## DIRECTIONS FOR THIS TASK
Leave out the pictures and restate exactly, and only, the lines from the one that contains "Piece together the" through the final line of the material below.

**** GIVEN INFORMATION

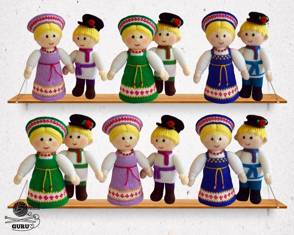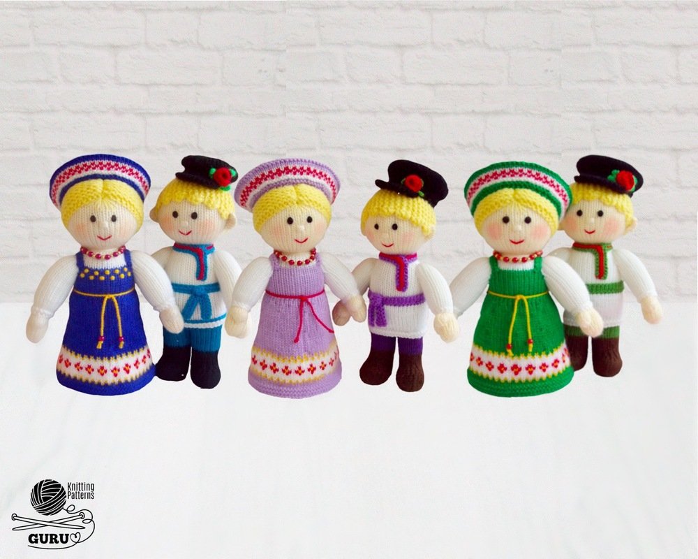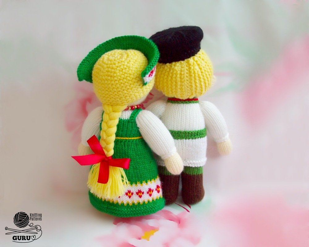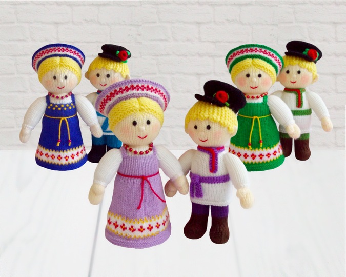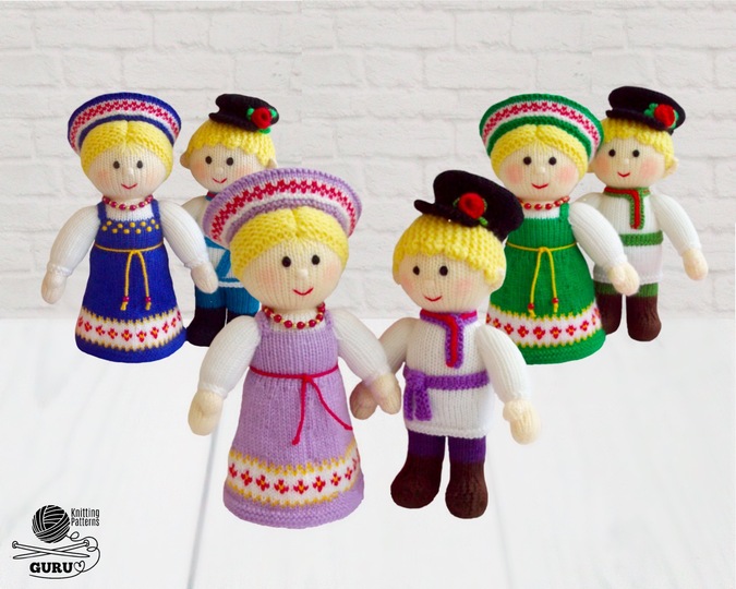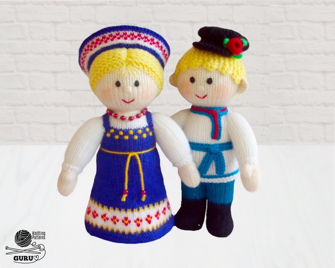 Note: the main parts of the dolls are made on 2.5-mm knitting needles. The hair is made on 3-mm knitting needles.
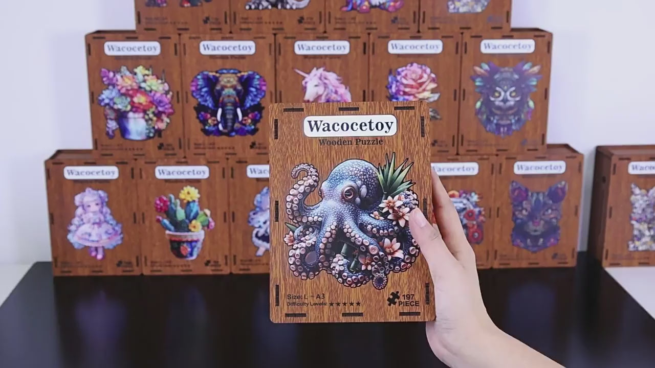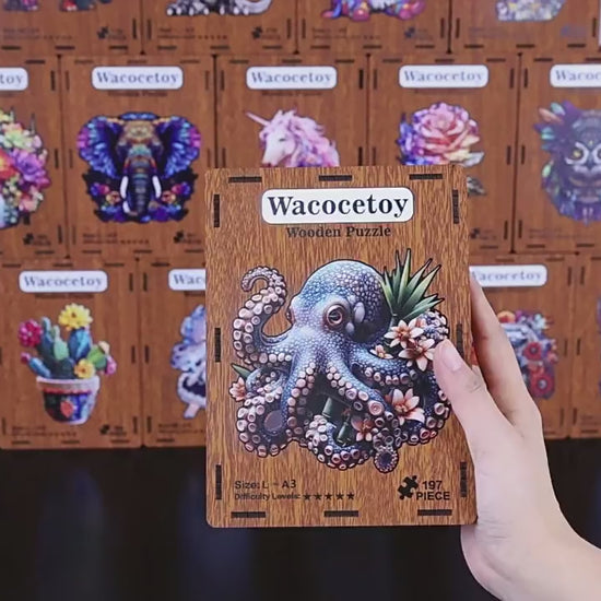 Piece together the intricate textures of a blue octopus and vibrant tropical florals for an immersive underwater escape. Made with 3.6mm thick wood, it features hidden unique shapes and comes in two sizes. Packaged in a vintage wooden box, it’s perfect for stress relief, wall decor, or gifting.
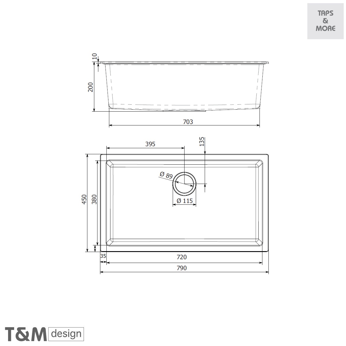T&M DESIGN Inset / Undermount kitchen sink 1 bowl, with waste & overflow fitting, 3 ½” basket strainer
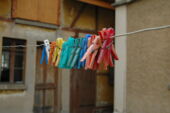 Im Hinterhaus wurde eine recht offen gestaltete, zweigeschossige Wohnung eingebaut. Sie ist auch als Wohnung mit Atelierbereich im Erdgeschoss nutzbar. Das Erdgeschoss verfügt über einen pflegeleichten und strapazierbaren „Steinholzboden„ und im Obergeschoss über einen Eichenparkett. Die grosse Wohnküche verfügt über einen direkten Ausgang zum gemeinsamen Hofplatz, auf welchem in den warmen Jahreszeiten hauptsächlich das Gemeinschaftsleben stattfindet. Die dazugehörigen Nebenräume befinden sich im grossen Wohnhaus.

********

## RESULT OF THIS EXERCISE
 Piece together the intricate textures of a blue octopus and vibrant tropical florals for an immersive underwater escape. Made with 3.6mm thick wood, it features hidden unique shapes and comes in two sizes. Packaged in a vintage wooden box, it’s perfect for stress relief, wall decor, or gifting.
T&M DESIGN Inset / Undermount kitchen sink 1 bowl, with waste & overflow fitting, 3 ½” basket strainer
 Im Hinterhaus wurde eine recht offen gestaltete, zweigeschossige Wohnung eingebaut. Sie ist auch als Wohnung mit Atelierbereich im Erdgeschoss nutzbar. Das Erdgeschoss verfügt über einen pflegeleichten und strapazierbaren „Steinholzboden„ und im Obergeschoss über einen Eichenparkett. Die grosse Wohnküche verfügt über einen direkten Ausgang zum gemeinsamen Hofplatz, auf welchem in den warmen Jahreszeiten hauptsächlich das Gemeinschaftsleben stattfindet. Die dazugehörigen Nebenräume befinden sich im grossen Wohnhaus.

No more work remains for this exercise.